A direct API call with a well-crafted prompt often outperforms elaborate orchestration frameworks. Add abstractions when you have a proven use case for them.

**2. Treat prompts as code.**

Version-control your prompts, write tests for them, and track changes carefully. Prompt regressions are as damaging as code regressions.

**3. Evaluate before you ship.**

LLM outputs are non-deterministic. Without systematic evaluation you cannot know whether your changes improved or harmed quality.

**4. Design for failure.**

LLMs hallucinate, timeout, and return unexpected formats. Build retry logic, fallbacks, and validation from the start.

2. Prompt Engineering Fundamentals

2.1 Anatomy of a Prompt

A production prompt has four optional sections:

[System instructions]

You are a helpful customer support agent for Acme Corp.

Respond in the same language the user writes in.

Always be polite and concise. Never discuss competitors.

[Context / Retrieved documents]

Order #12345 placed on 2026-03-10. Status: shipped.

Tracking number: 1Z999AA10123456784

[Examples (few-shot)]

User: Where is my order?

Assistant: Your order #99999 shipped on March 5 and is in transit.

Expected delivery: March 12.

[User message]

I ordered something last week and haven't received it yet.

2.2 System Instructions Best Practices

Write system instructions that are:

- **Role-specific**: Define exactly who the model is and what its purpose is.

- **Constraint-explicit**: State what the model should and should not do.

- **Format-specified**: Describe the expected output format when it matters.

- **Tone-defined**: Specify formality, language, length expectations.

SYSTEM_PROMPT = """You are a senior Python code reviewer at a fintech company.

Your responsibilities:

- Review code for correctness, security vulnerabilities, and performance issues

- Suggest specific improvements with code examples

- Flag any PII handling that violates GDPR/CCPA

Output format:

- Start with a one-sentence overall assessment

- List issues with severity: [CRITICAL], [WARNING], [SUGGESTION]

- End with a revised code block if changes are needed

You do not generate new features.
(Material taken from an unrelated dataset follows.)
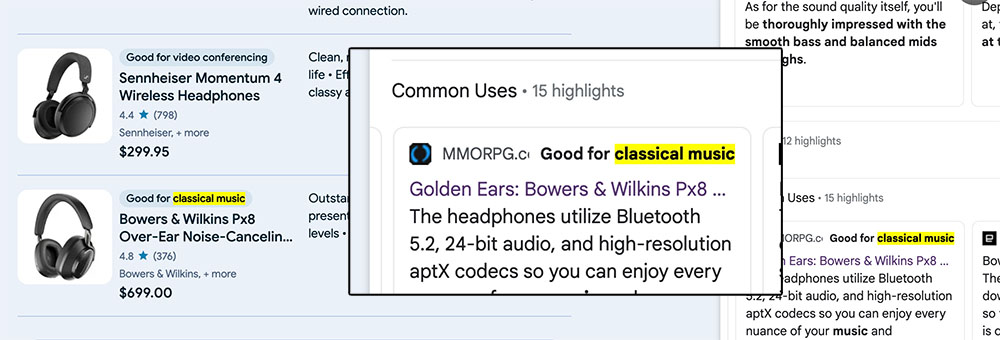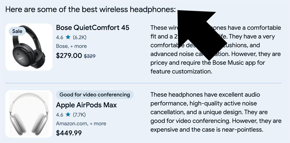 SGE results seem to recommend products with qualitative statements such as “the best wireless headphones.” Click image to enlarge.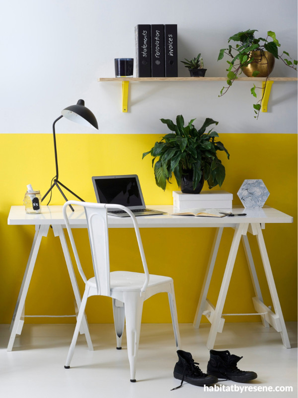 In this vibrant home office, the lower wall and shelving is painted in Resene Wild Thing, top wall, floor and desk in Resene White and folders and pot in Resene FX Blackboard Paint. Project by Amber Armitage, image by Melanie Jenkins.

Only review what is given to you."""

2.3 Few-Shot Prompting

Few-shot examples show the model the expected input-output pattern. They are especially effective for:

- Custom output formats

- Domain-specific tone or terminology

- Classification with unusual labels

FEW_SHOT_EXAMPLES = """

Extract the action items from the meeting note below.

Output as JSON array.

Meeting: John will update the deployment guide by Friday.

Sarah needs to review the Q1 budget before the board meeting.

Action items: [

{"owner": "John", "task": "Update deployment guide", "due": "Friday"},

{"owner": "Sarah", "task": "Review Q1 budget", "due": "Before board meeting"}

]

Meeting: We agreed that the API team will add rate limiting this sprint.

No owner was assigned for the documentation update.

Action items: [

{"owner": "API team", "task": "Add rate limiting", "due": "This sprint"},

{"owner": null, "task": "Documentation update", "due": null}

]

Meeting: {meeting_text}

Action items:"""

2.4 Chain-of-Thought (CoT)

For complex reasoning tasks, ask the model to show its work before giving the final answer.

COT_PROMPT = """Solve the following problem step by step.

Show your reasoning at each step, then give the final answer.

Problem: A customer has a $500 credit. They place an order for $320,

then return one $80 item. What is their remaining credit?

Let's think step by step:"""

Zero-shot CoT trigger: append "Let's think step by step." to your prompt without examples. This simple addition significantly improves multi-step reasoning on many models.

2.5 Structured Output

Force the model to produce parseable output using JSON mode or schema constraints.

from openai import OpenAI

client = OpenAI()

response = client.chat.completions.create(

model="gpt-4o",

response_format={"type": "json_object"},

messages=[

{"role": "system", "content": "Extract entities. Output valid JSON only."},

{"role": "user", "content": "Apple announced the iPhone 16 in Cupertino on September 9, 2024."}

]

)

data = json.loads(response.choices[0].message.content)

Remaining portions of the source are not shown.